I thought this corner of the kitchen in No.16 looked very bare even with the new sink, so the other day I made a tile backsplash using a wonderfully simple tutorial from Eliza at Wasting Gold Paper. You print out on watercolor paper the appropriately resized pictures of the tiles you want, cut them out, apply artists' gloss medium, then install where you want them. The hardest part was just getting my printer to feed the watercolor paper through!
I was thinking Delft, of course, then saw this Mexican Talavera tile somewhere and kept coming back to it. I did lighten the color about ten percent, to keep it from jarring too much, but one of the reasons I like it is that I think it cuts the sweetness of the rest of the house a bit. It's easy to get too cute with all of that Victorian pink.
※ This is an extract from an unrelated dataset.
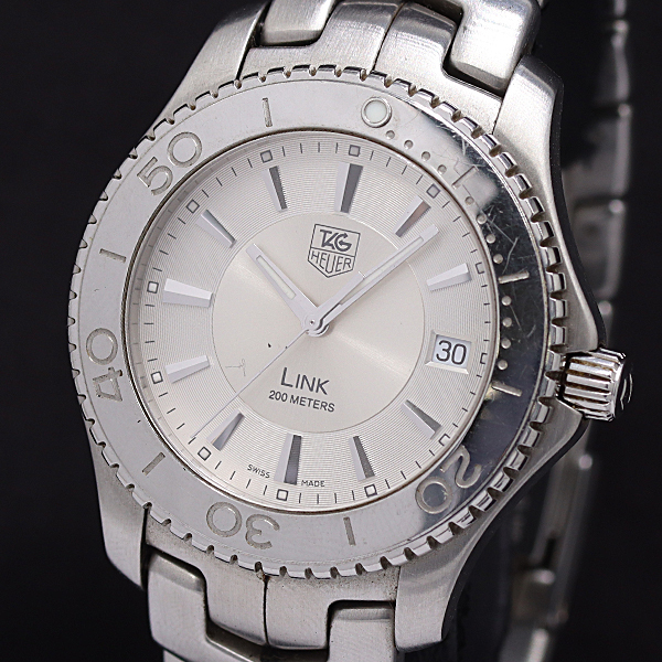 1円 保付 稼働 タグホイヤー リンク WJ111-0 QZ シルバー文字盤 メンズ腕時計 0566500 10TLT MST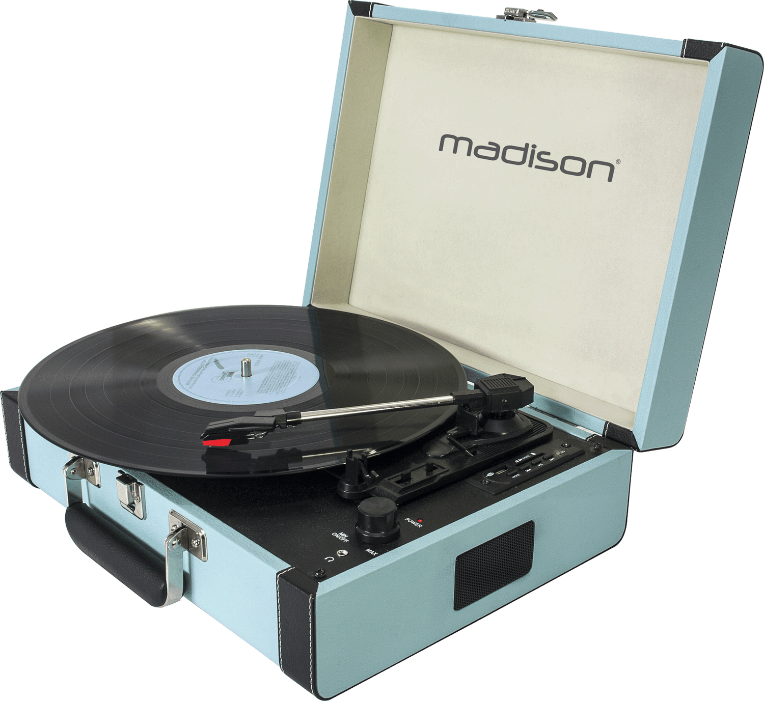 Coole hellblaue Plattenspieler im Retro-Look und Kofferde sign. Nehmen Sie den Spieler überall mit. Integrierte Lautsprecher sorgen für guten Klang ohne Mühe. Spielen Sie Musik von Bluetooth, USB und SD-Karte ab - Sie kommen nie ohne Musik aus. Nehmen Sie Ihre LPs auf USB und SD-Karte auf, damit Sie immer die knackigen Klänge der Schallplatte hören können. Ausgang für Kopfhörer. Abspielgeschwindigkeit 33/45/78 U/min.

I didn't make a dedicated gluing board like Eliza did, but used a long 5/16x5/16 inch piece of scrap wood which I stuck to the kitchen table with reusable putty, then stuck the tiles-to-be onto the stick with a small ball of putty each. This worked perfectly, holding everything firmly then went back into the jar/scrap bin for another time.
At 0.67 inch, these tiles are slightly larger than true 1/12 scale, but this way they fit the space perfectly. I cut a piece of watercolor paper to size -- made sure that it fit -- then glued the tiles to the paper, before "installing" it above the sink.
You can see how the watercolor paper adds a bit of texture to the tiles. I was a little worried at first that they would be perfectly smooth, since when I brushed it on, the medium self-levelled after a few moments -- you can see this starting to happen in the photo of the tiles on the stick -- but as it dried, the medium took on some of the texture of the watercolor paper.
This was so fun and worked so perfectly that I want to make hundreds -- thousands! -- of tiles now.
The shelves are from instructions in Venus and Martin Dodge's The New Dolls' House Do-It-Yourself book, where the house itself is from. The one above the sink is obviously very simple, a piece of wood the right size and two pieces of the cornice moulding left over from building the house. (A lot of things in the dollhouse fell over in the earthquake we had a few weeks ago, and now I'm a little heavy-handed with the museum putty, I see!)
The second is a little hanging shelf, which I'm pleased to say that I cut all myself, except for the curve which David did on the bandsaw, free hand. I stained the plank shelf with some very ancient Minwax I found in a corner of the garage, and painted the hanging shelf with FolkArt acrylic paint in Sterling Blue.
The preserves are from Timeless Minis, which I got through KitKraft a few years ago.